Overall, the findings indicate that Rail-CL integration should be understood as a socio-technical system challenge, requiring alignment between infrastructure, digital technologies, stakeholders and regulatory frameworks. Future research should therefore move beyond isolated analyses toward integrated, empirically grounded models that capture the complexity of multimodal urban freight systems.

This SLR examined the emerging interface between rail transport and CL by synthesis of 50 peer-reviewed studies published between 2009 and 2025. While rail freight and CL have developed as distinct research streams, their integration remains conceptually fragmented and empirically underexplored. The evidence confirms that Rail-CL integration represents a promising but strategically significant domain within sustainable freight research.

The review shows that current theoretical foundations are primarily derived from collaborative logistics, sharing-economy models and synchro-modal transport frameworks. Rail is generally conceptualized as a high-capacity trunk mode supporting long-distance consolidation, whereas CL provides flexible first and last-mile connectivity through digitally coordinated CL delivery. However, explicitly articulated and empirically validated Rail-CL integration models are very few. Existing studies tend to propose conceptual architectures rather than operationally tested systems.
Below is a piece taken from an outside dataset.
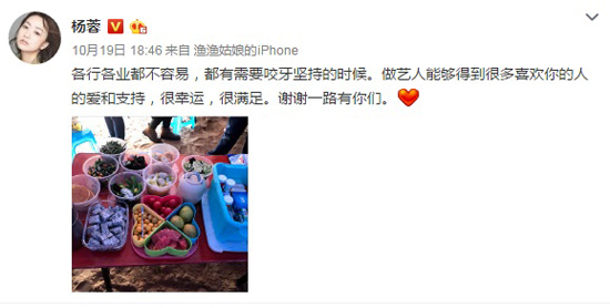 昨日,杨蓉在微博上晒出一张照片,在沙漠中的小餐桌上摆满了各种水果、蔬菜以及一个药箱,并配文:“各行各业都不容易,都有需要咬牙坚持的时候。做艺人能够得到很多喜欢你的人的爱和支持,很幸运,很满足。谢谢一路有你们。”字里行间表达了对粉丝的感谢之情。

In terms of sustainability, the literature aligns strongly with triple bottom line objectives, reported environmental benefits include emission reduction, congestion mitigation and improved resource efficiency through modal shift and consolidation strategies. Economic gains relate to cost optimization, asset utilization and enhanced delivery flexibility. Social impacts, although less frequently quantified, include improved service accessibility and employment opportunities within crowd networks. Nevertheless, despite these positive indications, much of the evidence remains model-based and highlighting the need for empirical testing through pilot applications.
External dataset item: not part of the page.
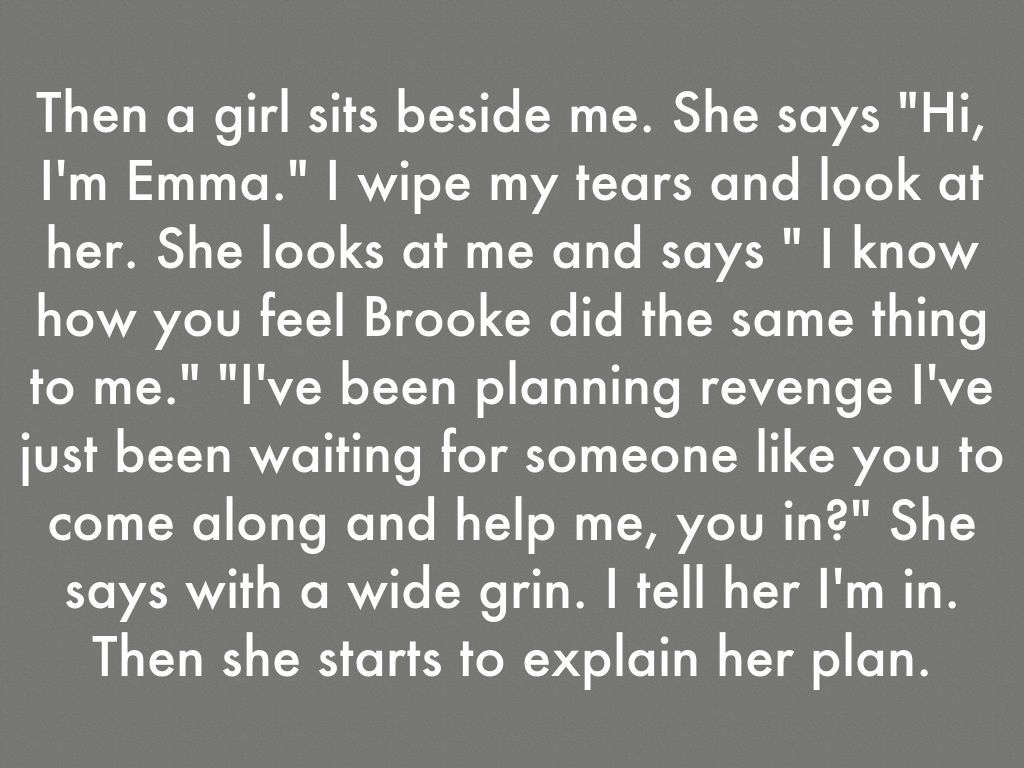 Then a girl sits beside me. She says "Hi, I'm Emma." I wipe my tears and look at her. She looks at me and says " I know how you feel Brooke did the same thing to me." "I've been planning revenge I've just been waiting for someone like you to come along and help me, you in?" She says with a wide grin. I tell her I'm in. Then she starts to explain her plan.

The review further identifies structural barriers limiting implementation, these are regulatory uncertainty regarding liability and labor classification, insufficient rail-terminal interfaces for first and last-mile integration, digital interoperability challenges and stakeholder coordination complexity emerge as critical constraints. These findings suggest that Rail-CL integration is a socio-technical transformation requiring institutional alignment alongside technological development.

Significant research gaps continue; that is, empirical evidence from developing economies is limited, despite strong relevance for rail-dependent corridors. Methodologically, the field is dominated by conceptual and simulation-based research, with a shortage of longitudinal and large-scale experimental studies. Thematically, attention remains concentrated on last-mile delivery, leaving first-mile logistics and platform governance mechanisms comparatively underdeveloped.

This review makes three principal contributions. First, it provides the first structured synthesis explicitly focused on the integration of rail freight and CL, bridging two previously disconnected research streams. By consolidating theoretical foundations, operational strategies, sustainability outcomes and implementation barriers within a single analytical framework, the study advances conceptual clarity in an emerging field.

Second, the review identifies a critical gap between conceptual ambition and empirical validation. By highlighting the absence of tested Rail-CL operational models, it establishes a clear agenda for future research centered on pilot implementation, interoperability design and performance-based sustainability assessment.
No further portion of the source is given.